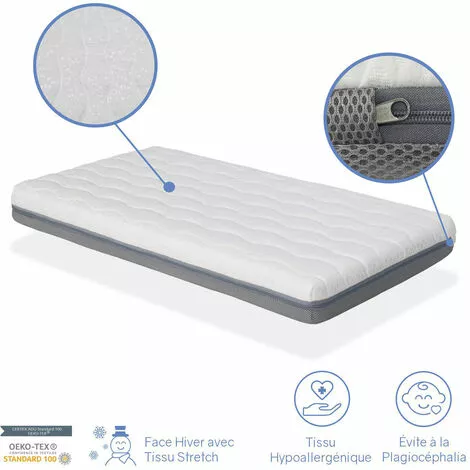 Ce matelas a une hauteur de 11 cm. Il pèse environ 2,9 kg et est fabriqué avec des composants sûrs et non nocifs pour la santé de notre bébé. L’âge recommandé est de 0 à 24 mois. Ce matelas de lit de bébé est parfaitement valide pour être utilisé dès la naissance à la transition vers le lit.
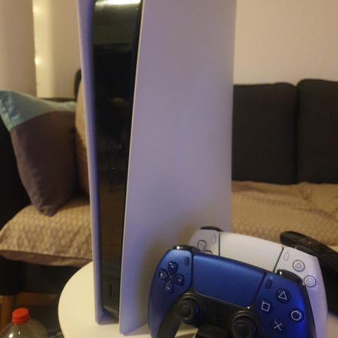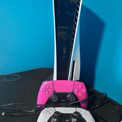 Playstation 5 spillekonsol med to controllere (en hvid og en sort) og tilhørende kabler. Konsollen har et hvidt kabinet med sort detalje og er designet til hjemmeunderholdning og gaming.
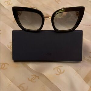 GUARANTEED AUTHENTIC FENDI LARGE FRAME CAT EYE SUNGLASSES. I BOUGHT THESE NOT REALIZING THEY ARE TOO LARGE FOR MY FACE.
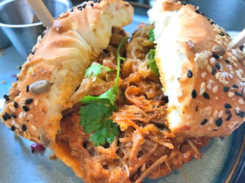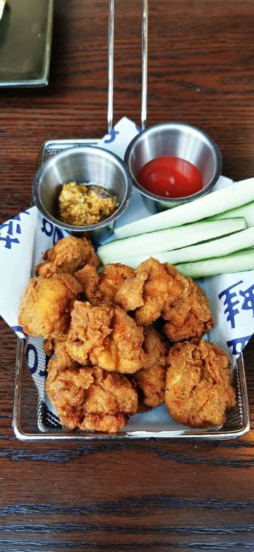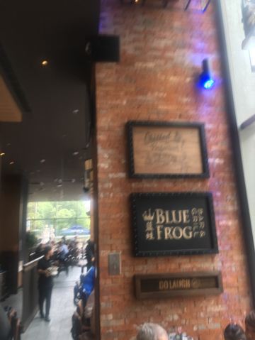 泡泡龙他爸这家店后来又去了一次,从招行拿到一张对折券,找了个下午2点左右去吃午饭。天气不错,室外的座位基本坐满,而且是在背阴处,不会受到西晒太阳的影响,就是有抽烟的,空气很不好,还是坐到了里面的老位置,吧台那边的座位则不够舒服,另外有几个射灯灯光打在顾客身上,使得人脸看上去很怪异。有内部的洗手池,可惜没有感应龙头。要了份蓝蛙炸鸡,加上一小盘墨西哥鸡肉芝士薄饼,薄饼一般,炸鸡出色,嫩、脆、不油腻,配上一杯鲜果百乐门。可以使用招行掌上生活支付,每满一百减十元,加上有张面值100的对折券,花费的很值,就是服务生对这么多种支付方式组合不够熟悉,操作折腾了一点时间。电子发票,自己扫码即可,凯德晶萃目前停车免费,就是下午去一般停不进去
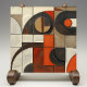 "Elégance géométrique" est une céramique sophistiquée qui célèbre l'esthétique audacieuse de la géométrie abstraite. Cette pièce de style mosaïque est une collection de tuiles, chacune présentant un segment unique de cercles et d'arcs dans un agencement harmonieux. La palette de couleurs est un assortiment de riche espresso, d'ivoire crémeux et de sienne profonde, complété par des accents frappants d'orange brûlée. La texture de surface est un mélange méticuleux de glaçures lisses et de finitions de craquelures complexes, donnant à la pièce un aspect vieilli mais intemporel. Sa composition en forme de grille suggère ordre et précision, tandis que les tailles et la juxtaposition variées des formes introduisent un élément de jouabilité. Ce carrelage en céramique est un hommage à l'amour moderne du milieu du siècle pour la forme et la fonction, ce qui en fait un élément décoratif idéal pour tout intérieur contemporain ou d'inspiration rétro.
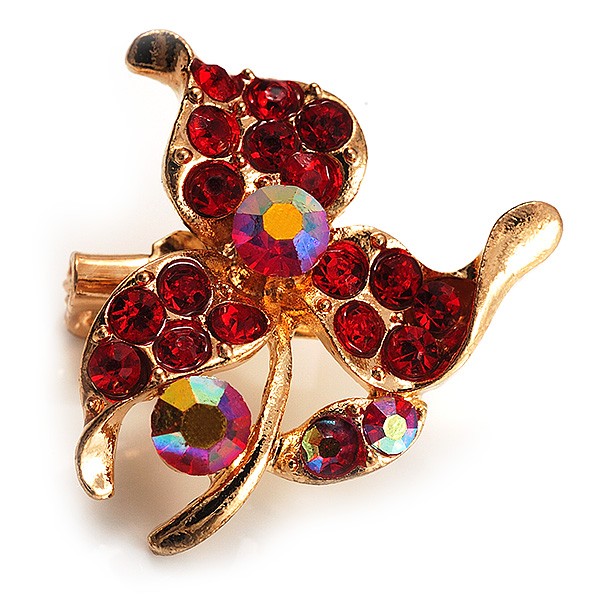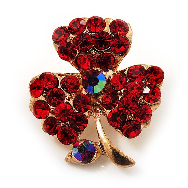 Tiny Red Crystal Clover Pin Brooch (Gold Tone)

## Description of the task
The required output is every line from the beginning of the material above through the line with "GUARANTEED AUTHENTIC FENDI", exact and without pictures.

## Output
 Ce matelas a une hauteur de 11 cm. Il pèse environ 2,9 kg et est fabriqué avec des composants sûrs et non nocifs pour la santé de notre bébé. L’âge recommandé est de 0 à 24 mois. Ce matelas de lit de bébé est parfaitement valide pour être utilisé dès la naissance à la transition vers le lit.
 Playstation 5 spillekonsol med to controllere (en hvid og en sort) og tilhørende kabler. Konsollen har et hvidt kabinet med sort detalje og er designet til hjemmeunderholdning og gaming.
 GUARANTEED AUTHENTIC FENDI LARGE FRAME CAT EYE SUNGLASSES. I BOUGHT THESE NOT REALIZING THEY ARE TOO LARGE FOR MY FACE.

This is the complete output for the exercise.